• [Data below]:
|---|

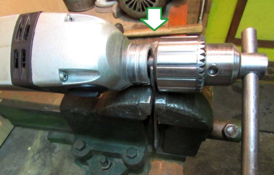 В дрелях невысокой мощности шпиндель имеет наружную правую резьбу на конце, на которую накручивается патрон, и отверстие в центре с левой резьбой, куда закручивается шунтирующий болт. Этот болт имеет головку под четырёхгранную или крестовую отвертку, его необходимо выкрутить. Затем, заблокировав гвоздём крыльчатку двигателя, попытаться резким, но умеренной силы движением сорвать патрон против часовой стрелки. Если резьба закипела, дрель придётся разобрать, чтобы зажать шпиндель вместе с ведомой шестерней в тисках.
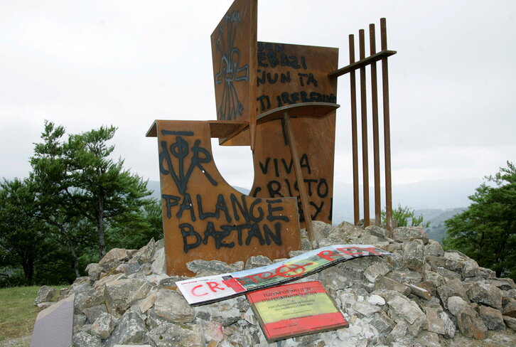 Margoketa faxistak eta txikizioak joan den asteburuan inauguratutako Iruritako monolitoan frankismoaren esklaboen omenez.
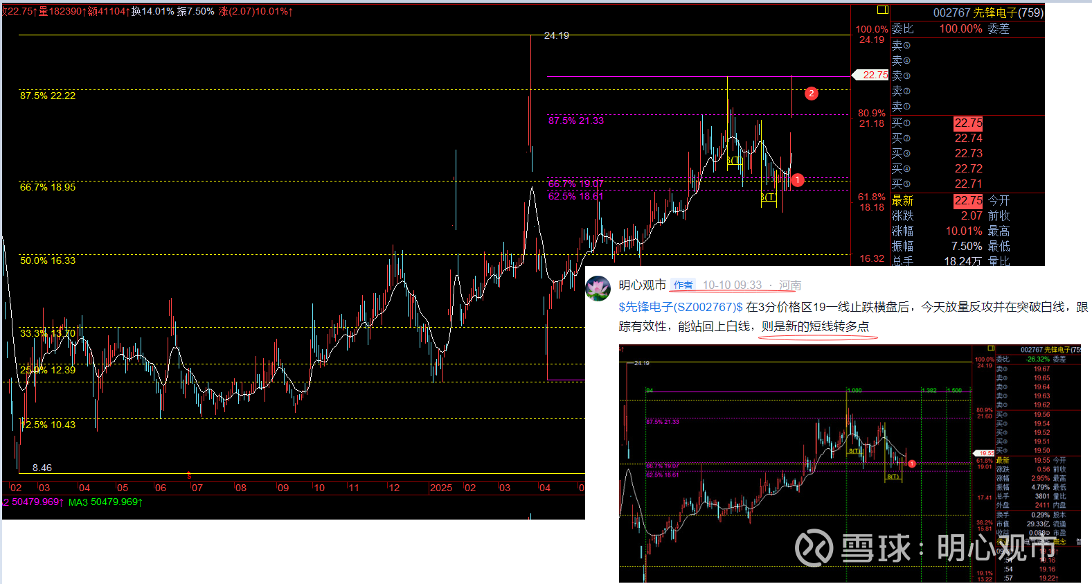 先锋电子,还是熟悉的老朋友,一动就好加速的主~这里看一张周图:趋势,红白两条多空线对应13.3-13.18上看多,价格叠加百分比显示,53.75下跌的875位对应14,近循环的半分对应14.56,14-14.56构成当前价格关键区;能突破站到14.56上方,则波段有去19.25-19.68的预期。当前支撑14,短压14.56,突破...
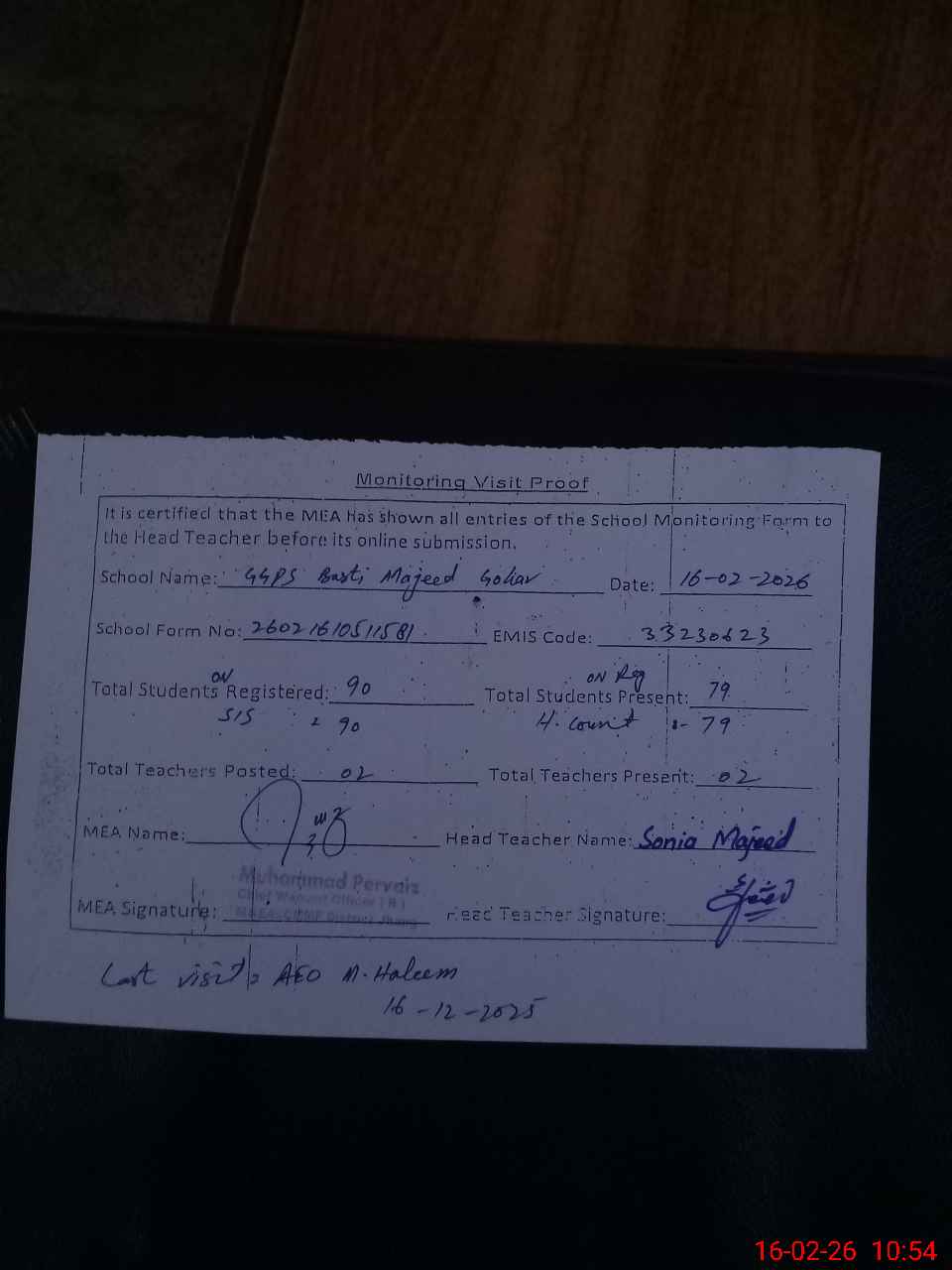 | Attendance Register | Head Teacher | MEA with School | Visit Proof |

|---|

• [About this task]:
After removing the pictures, restate the whole listing above word for word.

• [Response to the task]:
 В дрелях невысокой мощности шпиндель имеет наружную правую резьбу на конце, на которую накручивается патрон, и отверстие в центре с левой резьбой, куда закручивается шунтирующий болт. Этот болт имеет головку под четырёхгранную или крестовую отвертку, его необходимо выкрутить. Затем, заблокировав гвоздём крыльчатку двигателя, попытаться резким, но умеренной силы движением сорвать патрон против часовой стрелки. Если резьба закипела, дрель придётся разобрать, чтобы зажать шпиндель вместе с ведомой шестерней в тисках.
 Margoketa faxistak eta txikizioak joan den asteburuan inauguratutako Iruritako monolitoan frankismoaren esklaboen omenez.
 先锋电子,还是熟悉的老朋友,一动就好加速的主~这里看一张周图:趋势,红白两条多空线对应13.3-13.18上看多,价格叠加百分比显示,53.75下跌的875位对应14,近循环的半分对应14.56,14-14.56构成当前价格关键区;能突破站到14.56上方,则波段有去19.25-19.68的预期。当前支撑14,短压14.56,突破...
 | Attendance Register | Head Teacher | MEA with School | Visit Proof |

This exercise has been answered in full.